## Exercise requirements
Leave the images aside and copy out the whole listing, exact to the word.

*** Material provided Section Begins ***

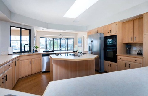 Unwind by the newly renovated heated salt-water pool and spa, then enjoy al fresco dining with an outdoor dining table and grill, all within the lanai. Gather around the propane coffee table firepit in comfortable outdoor seating and take in the panoramic view of the canal and dock, while watching for manatees and dolphins. For those seeking adventure, we provide 2 kayaks, 4 bicycles, fishing rods, and a private dock. Please be mindful that due to wildlife considerations, swimming in the canal is not recommended. All amenities are provided free of charge.
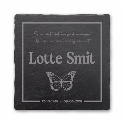Met een gedenkplaat van leisteen van MijnGedenksteen.nl geef je niet alleen een eerbetoon aan de herinnering, maar laat je ook je persoonlijke stijl zien. De naadloze combinatie van natuurlijke schoonheid en gepersonaliseerde lasergravure transformeert jouw gedenkplaat tot een uniek meesterwerk dat bezoekers in zijn ban houdt en de herinnering levendig houdt.
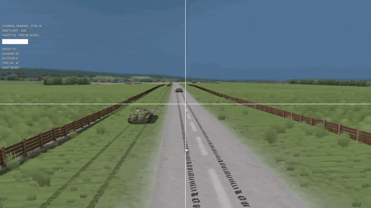 Take direct control of experimental FPV kamikaze drones and strike enemy vehicles from a first-person perspective. Use the crosshair to guide your attack, adjust throttle with the mouse wheel, and switch to thermal imaging to acquire targets—then crash into them with a HEAT warhead for maximum effect.

*** Material provided Section Ends ***

## Solution to this task
 Unwind by the newly renovated heated salt-water pool and spa, then enjoy al fresco dining with an outdoor dining table and grill, all within the lanai. Gather around the propane coffee table firepit in comfortable outdoor seating and take in the panoramic view of the canal and dock, while watching for manatees and dolphins. For those seeking adventure, we provide 2 kayaks, 4 bicycles, fishing rods, and a private dock. Please be mindful that due to wildlife considerations, swimming in the canal is not recommended. All amenities are provided free of charge.
Met een gedenkplaat van leisteen van MijnGedenksteen.nl geef je niet alleen een eerbetoon aan de herinnering, maar laat je ook je persoonlijke stijl zien. De naadloze combinatie van natuurlijke schoonheid en gepersonaliseerde lasergravure transformeert jouw gedenkplaat tot een uniek meesterwerk dat bezoekers in zijn ban houdt en de herinnering levendig houdt.
 Take direct control of experimental FPV kamikaze drones and strike enemy vehicles from a first-person perspective. Use the crosshair to guide your attack, adjust throttle with the mouse wheel, and switch to thermal imaging to acquire targets—then crash into them with a HEAT warhead for maximum effect.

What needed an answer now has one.